Stored data

══════════════════════════════

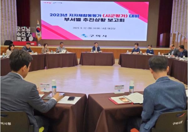 구미시는 12일 시청 대강당에서 부시장과 지표 담당 부서장 등 25명이 참석해 ‘2023년 지자체 합동 평가(시군 평가) 대비 부서별 추진 상황 보고회’를 열었다.
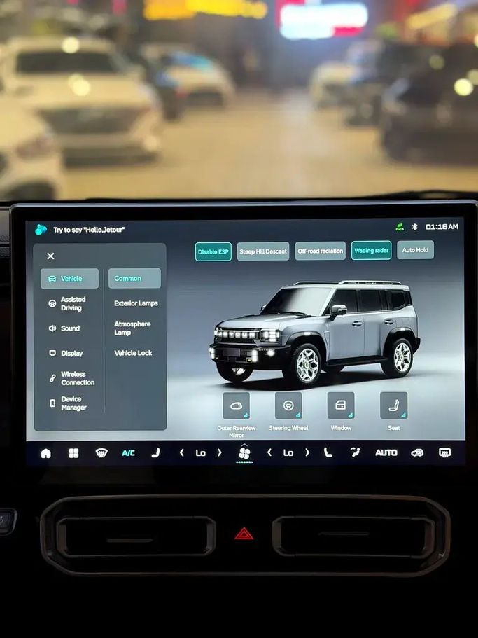 Jetour T2 Premium – Top Trim 2025 | Zero Accidents | Best Price Main Features: • Travel Plus – Highest trim level of the Jetour T2 • Leather seats with full electric adjustment • Pilot-style comfort seat • Premium Sony sound system • Multi-color ambient interior lighting • 7 driving modes • 360° camera system • High-precision front & rear parking sensors • Radar + Adaptive Cruise Control + Smart Lane-Keeping • Crystal 8-speed gearbox • Rear spare-wheel cover • Rear power outlet • Wireless + Type-C phone charging • Full vehicle settings control through the cen
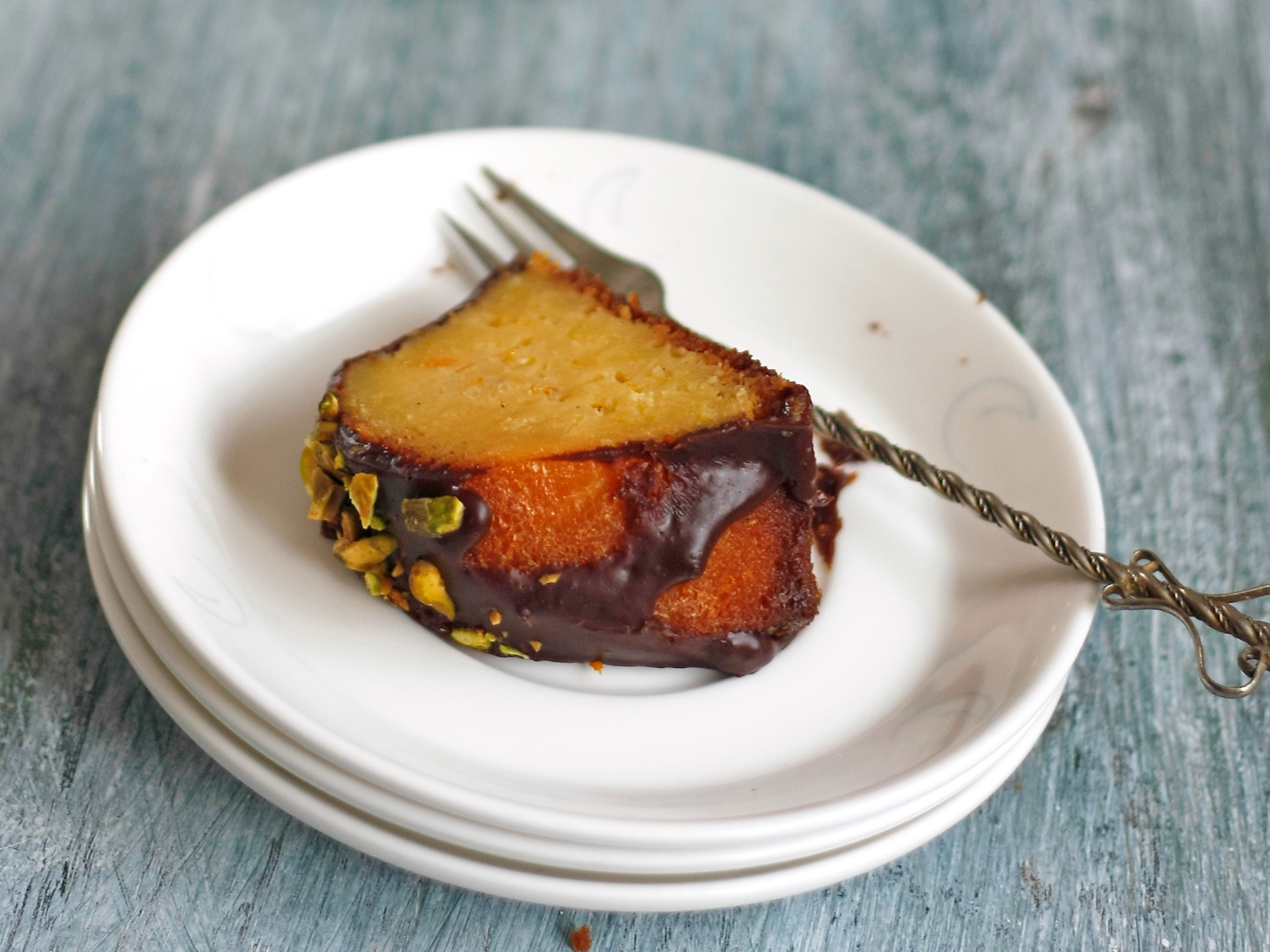 Počelo je miholjsko leto.Rudi i Simka više vole da dremkaju u predvečerje umesto da jurcaju po dvorištu.Dok čitam “Istoriju ljubavi” ušuškana ispod lampe iz kuhinje mirišu kolači, puši se kakao na stoliću i osećam kako mi se hlade nos i ruke.Volim ovo doba godine, boje, mirise i sunce što greje prijateljski.Volim što mrak pada ranije, što su večeri svežije i setnije i što će uskoro doći vreme za moj crveni mantilić.Sočni, citrusni kuglof150 g putera (omekšao na sobnoj temperaturi)200 g šećera300 g oštrog (T400) brašna5 jaja100 ml ceđene narandžekora od dve veće narandže (narendana)1/2 sveže isceđenog limuna5 g svežeg đumbira (narendanog)1 slatka jabuka (narendana)1/2 mahune vanile (ili 2 kesice vanil šećera)1 prašak za pecivoZa čokoladni preliv:100 g crne čokolade100 g neutralne pavlake2 kašike šećera5 g puteraizmrvljeni pistaći za posipanje

══════════════════════════════

What you should do
The task requires the full listing to be given again verbatim, without its pictures.

Response to this exercise
 구미시는 12일 시청 대강당에서 부시장과 지표 담당 부서장 등 25명이 참석해 ‘2023년 지자체 합동 평가(시군 평가) 대비 부서별 추진 상황 보고회’를 열었다.
 Jetour T2 Premium – Top Trim 2025 | Zero Accidents | Best Price Main Features: • Travel Plus – Highest trim level of the Jetour T2 • Leather seats with full electric adjustment • Pilot-style comfort seat • Premium Sony sound system • Multi-color ambient interior lighting • 7 driving modes • 360° camera system • High-precision front & rear parking sensors • Radar + Adaptive Cruise Control + Smart Lane-Keeping • Crystal 8-speed gearbox • Rear spare-wheel cover • Rear power outlet • Wireless + Type-C phone charging • Full vehicle settings control through the cen
 Počelo je miholjsko leto.Rudi i Simka više vole da dremkaju u predvečerje umesto da jurcaju po dvorištu.Dok čitam “Istoriju ljubavi” ušuškana ispod lampe iz kuhinje mirišu kolači, puši se kakao na stoliću i osećam kako mi se hlade nos i ruke.Volim ovo doba godine, boje, mirise i sunce što greje prijateljski.Volim što mrak pada ranije, što su večeri svežije i setnije i što će uskoro doći vreme za moj crveni mantilić.Sočni, citrusni kuglof150 g putera (omekšao na sobnoj temperaturi)200 g šećera300 g oštrog (T400) brašna5 jaja100 ml ceđene narandžekora od dve veće narandže (narendana)1/2 sveže isceđenog limuna5 g svežeg đumbira (narendanog)1 slatka jabuka (narendana)1/2 mahune vanile (ili 2 kesice vanil šećera)1 prašak za pecivoZa čokoladni preliv:100 g crne čokolade100 g neutralne pavlake2 kašike šećera5 g puteraizmrvljeni pistaći za posipanje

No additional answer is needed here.